Alors que la Belgique glose depuis plus d’un mois sur de possibles déchéances de nationalité, le scandale HSBC nous rappelle que la première des solidarités nationales est de payer l’impôt dû. La nation, c’est là où je paie mes impôts. Le pays auquel nous prétendons appartenir n’est rien d’autre que le projet collectif que nous finançons selon nos moyens, ce projet que nous construisons avec une juste part des fruits de notre travail. Cette « juste part », poussée à l’extrême, explique pourquoi même un sans-emploi reçoit son extrait de rôle, et cette symbolique est précieuse.
De ce point de vue, la justice fiscale participe de la prévention de tous les radicalismes : non seulement l’équité fiscale permet la redistribution économique, mais elle est surtout porteuse de sens, elle est vecteur d’intégration et de liens – « Je suis l’un des vôtres, j’ai payé mon ticket d’entrée » – dans une société qui a perdu ses repères et enrayé son ascenseur social. A cette aune, le légumier catholique et l’instituteur musulman partagent le même sel, le même pain.

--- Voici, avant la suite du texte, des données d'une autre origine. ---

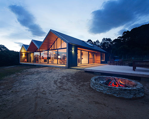 australian studio room 11’s lookout house is the result of a successful melding of two building typologies: the courtyard house and farmhouse. three recognizable gabled metal roofs are oriented towards a descending hill, the southern ocean and tasman island. the entryway is marked up deep overhangs whose soffits and entry wall are clad in cedar planks. a sliding barn door is almost invisible in the facade, save the black metal tracks. upon entering, the central exterior courtyard is made visible, with the ocean views beyond. the two larger canopies contain the social living areas wrapped in full-height operable glass panels that allow the spaces to spill into the outside; the bedrooms are situated in the smaller, more private side of the structure. unlike the entry facade, the opposite end of the home is marked by a facade of glazing opening up panoramic views.

En regard de ce contrat social, il n’y a aucune raison d’être clément face à la fraude fiscale, qu’on parle hier du noir dans l’horeca, ou aujourd’hui de HSBC.
Cela pose le problème de la sanction : le fraudeur fiscal ne demande pas mieux que d’être déchu d’une nationalité qu’il juge trop coûteuse, et certains fraudeurs en ont eux-mêmes tiré les conséquences en monnayant un droit de résidence à Monaco ou Genève. On ne peut rejeter un fraudeur, il faut le traquer. Et cela passe – enfonçons le clou – par une meilleure dotation du SPF Finances et de la Justice. Ce sont des départements où les dépenses sont rentables.
Mais l’enquête HSBC révèle un autre défi : derrière la fraude fiscale se cachent les mécanismes de blanchiment du crime organisé. Non, la fraude fiscale n’est pas le dérivatif naturel d’une société libérale, elle est au contraire, par ses connexions criminelles, un clou dans le cercueil de ce même libéralisme. La vaste majorité des électeurs dits « de droite » ne sont pas les bénéficiaires, mais en définitive les victimes de ces fraudes criminelles dont il faut bien que quelqu’un paie le coût. Or, que constate l’électeur MR ? Que le gouvernement a relevé le seuil à partir duquel une transaction ne peut plus s’opérer en cash. Cela ne profite pas aux indépendants, cela profite aujourd’hui aux trafiquants de voitures et de stupéfiants. Ce n’est pas du libéralisme, c’est de la compromission. Dès lors, voilà le gouvernement Michel au défi de l’éthique financière – fut-elle libérale, pourquoi pas ?
Faute de quoi, à nos yeux, la majorité jaune-bleue ne sera plus « suédoise » mais « Chiquita » : les couleurs d’une démocratie bananière.